··· DATA BELOW ···

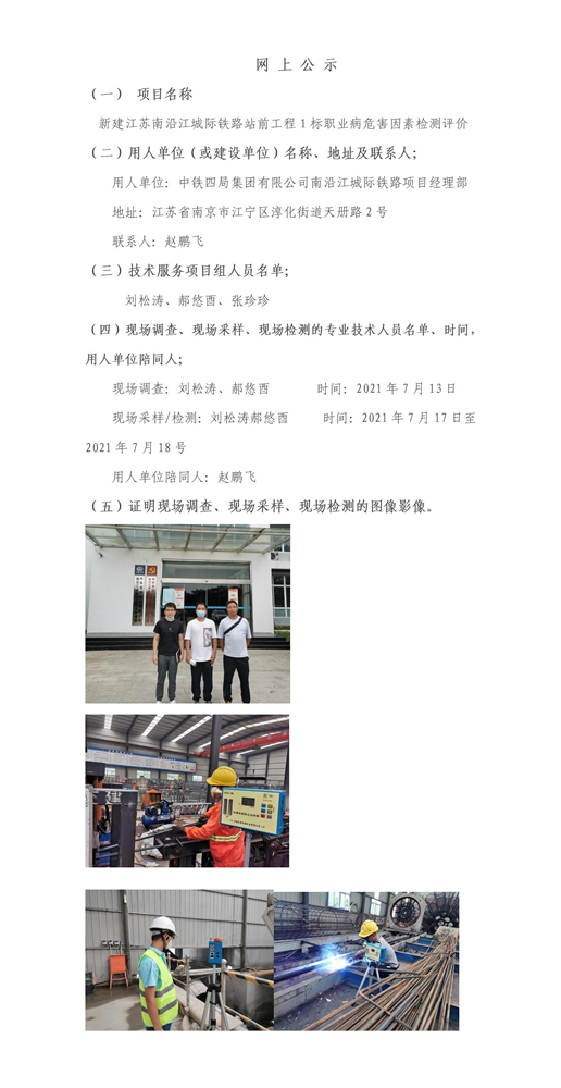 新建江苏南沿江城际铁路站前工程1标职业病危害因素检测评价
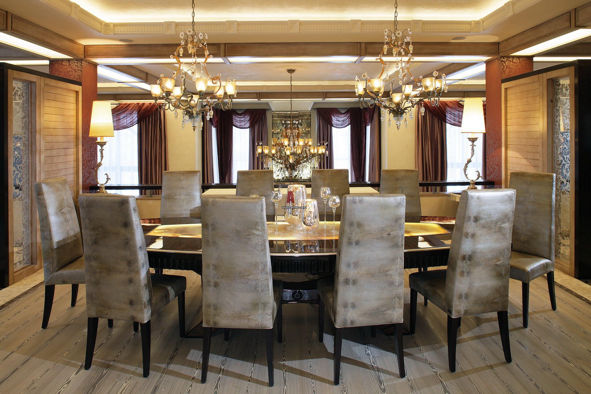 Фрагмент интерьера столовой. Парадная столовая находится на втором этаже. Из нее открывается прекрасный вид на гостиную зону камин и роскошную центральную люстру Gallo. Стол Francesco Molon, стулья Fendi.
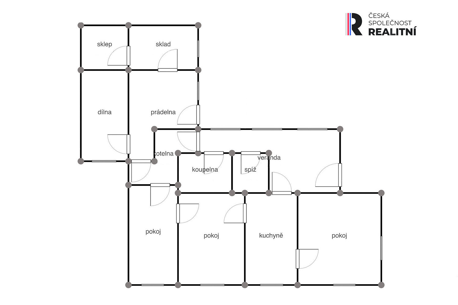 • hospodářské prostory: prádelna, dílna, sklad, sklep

···

DIRECTIONS » All of the data should be returned word for word, with each picture left out.

RESPONSE BOX »
 新建江苏南沿江城际铁路站前工程1标职业病危害因素检测评价
 Фрагмент интерьера столовой. Парадная столовая находится на втором этаже. Из нее открывается прекрасный вид на гостиную зону камин и роскошную центральную люстру Gallo. Стол Francesco Molon, стулья Fendi.
 • hospodářské prostory: prádelna, dílna, sklad, sklep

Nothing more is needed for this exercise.